= Marcy Bloom =

American abortion rights activist

Marcy Bloom (born 1954) is an American pro-choice activist known for serving for eighteen years as executive director of Aradia Women's Health Center in Seattle. Bloom was the 2006 recipient of the ACLU's highest honor, the William O. Douglas Award, for her work.

Bloom has described abortion as a "moral good", rather than a necessary evil. She writes a regular column for RH Reality Check, and is a leading fundraiser for reproductive rights organizations in Mexico. In addition to her work for abortion rights, Bloom is regarded as an expert on the biological aspects of sexual intercourse.

During the 2000 Democratic primary campaign, Senator Bill Bradley of New Jersey enlisted Bloom to tape radio ads critical of Al Gore's past flirtation with opposition to abortion.

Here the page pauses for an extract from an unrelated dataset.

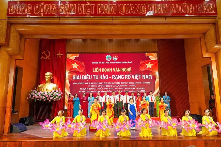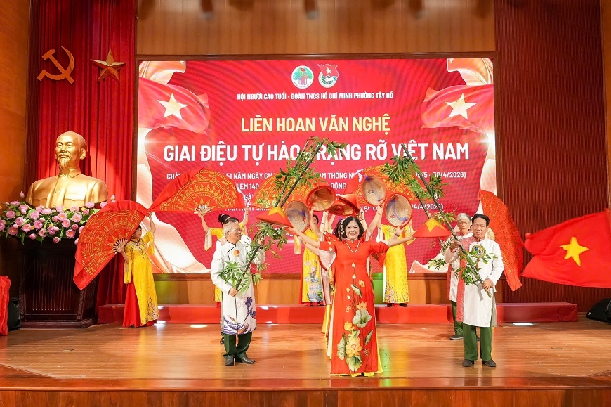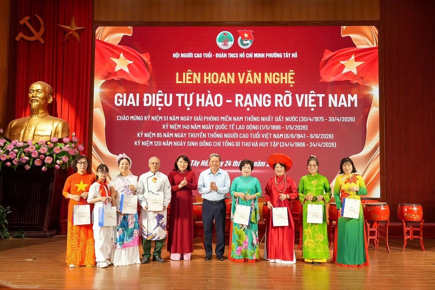 Sáng 24-4, Hội Người cao tuổi phường Tây Hồ phối hợp với Đoàn Thanh niên Cộng sản Hồ Chí Minh phường tổ chức chương trình văn nghệ với chủ đề “Giai điệu tự hào - Rạng rỡ Việt Nam”.
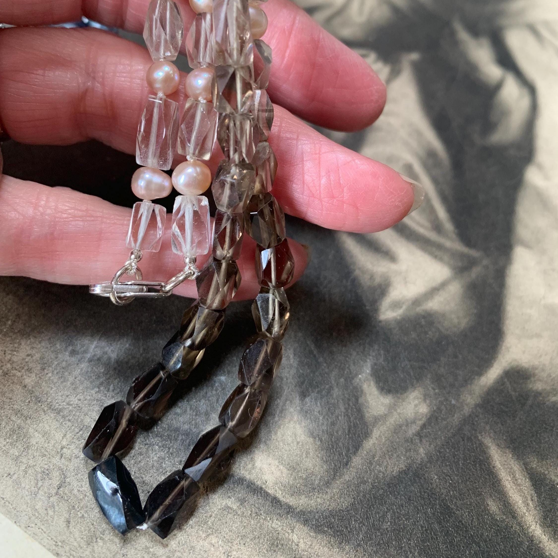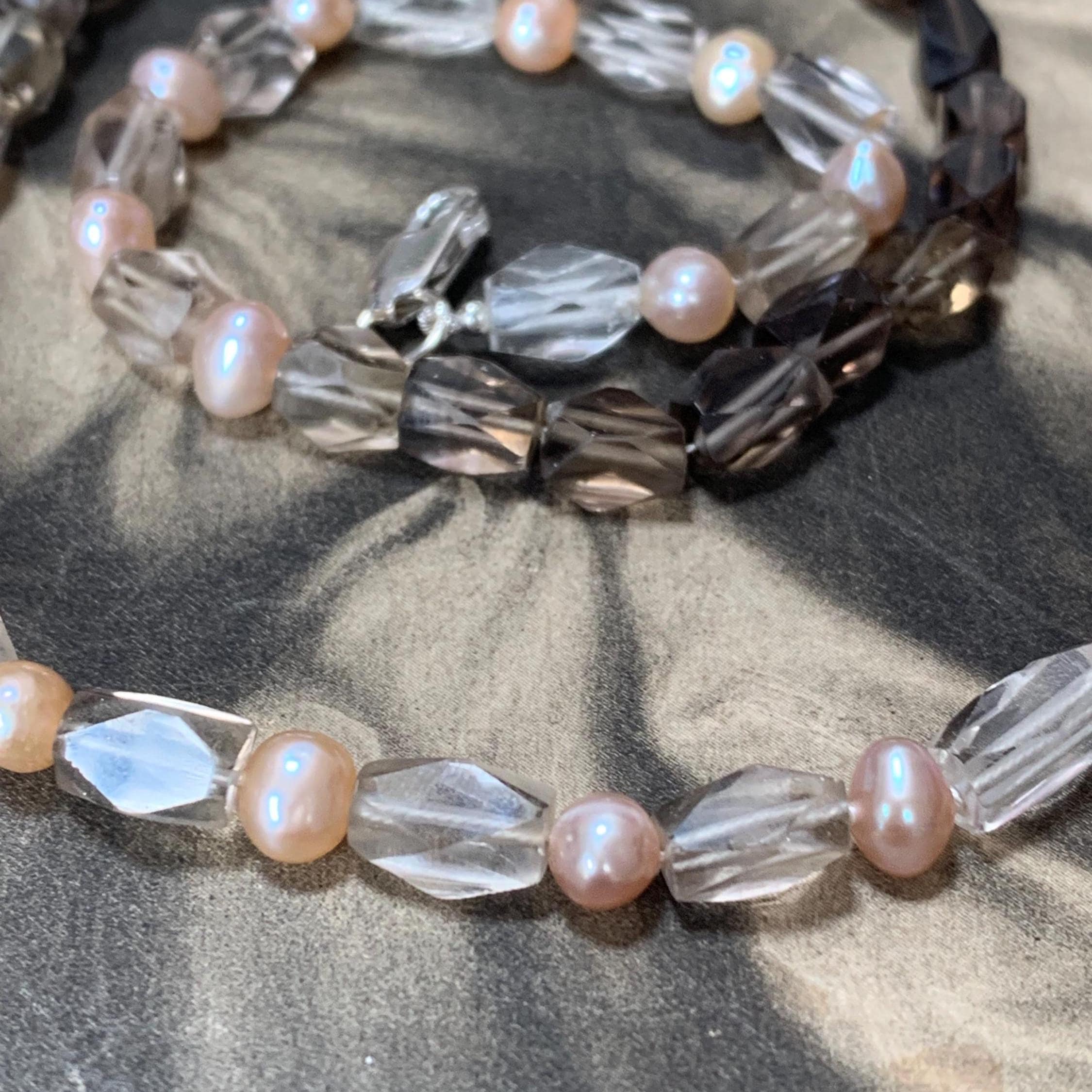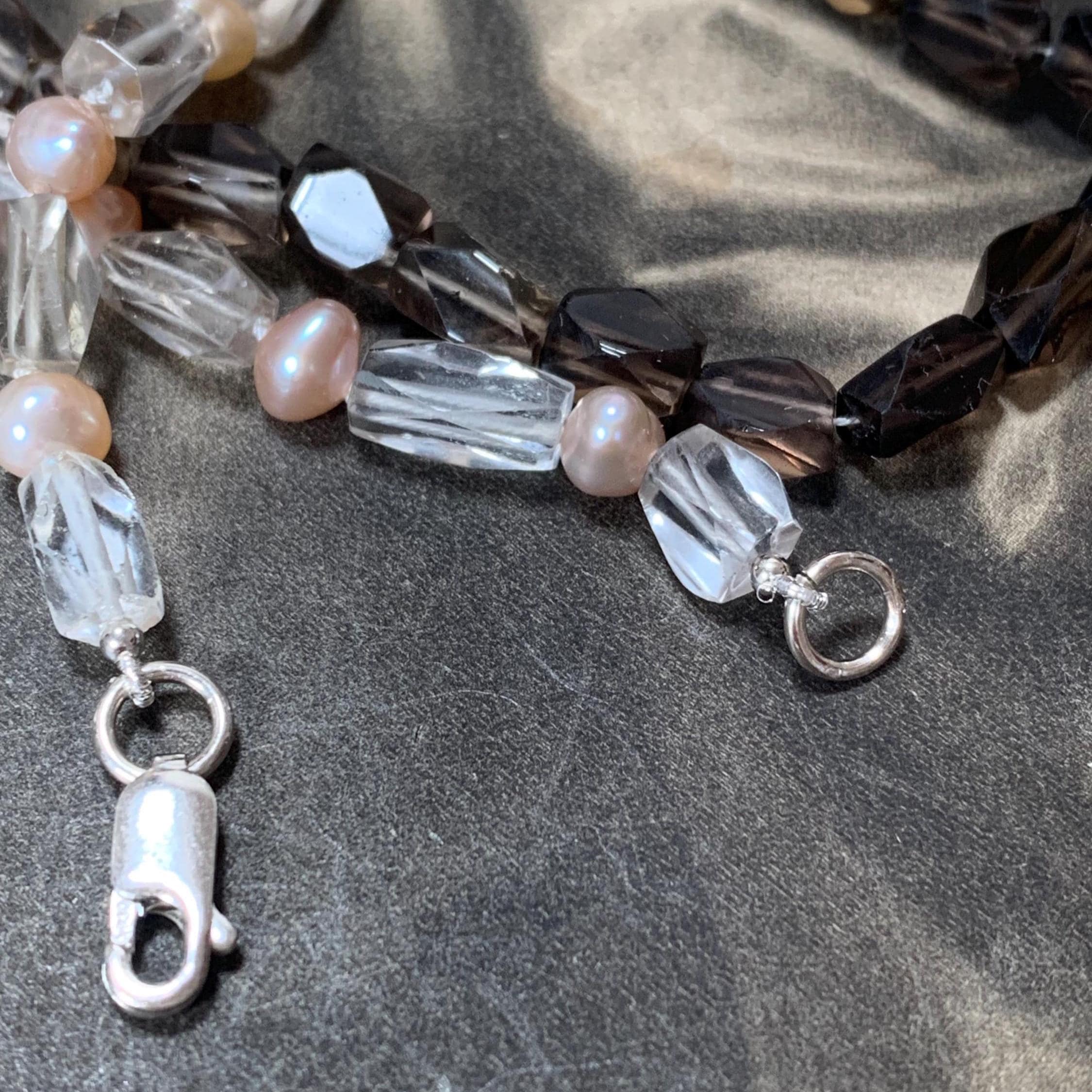 Faceted smoky quartz and pink freshwater pearl necklace with silver Argentium clasp. This is a stunning and graduated in colour natural smoky quartz necklace interspersed with pink/peach freshwater pearls to each side, 16 in total. The quartz beads size are between 6.5 mm - 9.7 mm x 5mm wide and are colour graduated from clearer to to brown. The pearls are approximately 5.4mm in size and the necklace has a length of 40.5 cm (approx 16 inches), hand-strung to silk. A fine and unusual piece which will come gift boxed.

Bloom is a board member of the Washington, D.C.–based National Abortion Rights Action League.

Bloom is now doing U.S. advocacy and capacity building for a Mexico City-based organization, GIRE – El Grupo de Informacion en Reproduccion Elegida/The Information Group on Reproductive Choice. The GIRE organization helps women in Mexico seek abortion rights. The reason she has migrated to work in the GIRE organization is because women in Mexico face less reproductive rights than women in the US. Bloom has lobbied against abortion restrictions in high court hearings to advocate for women reproduction rights.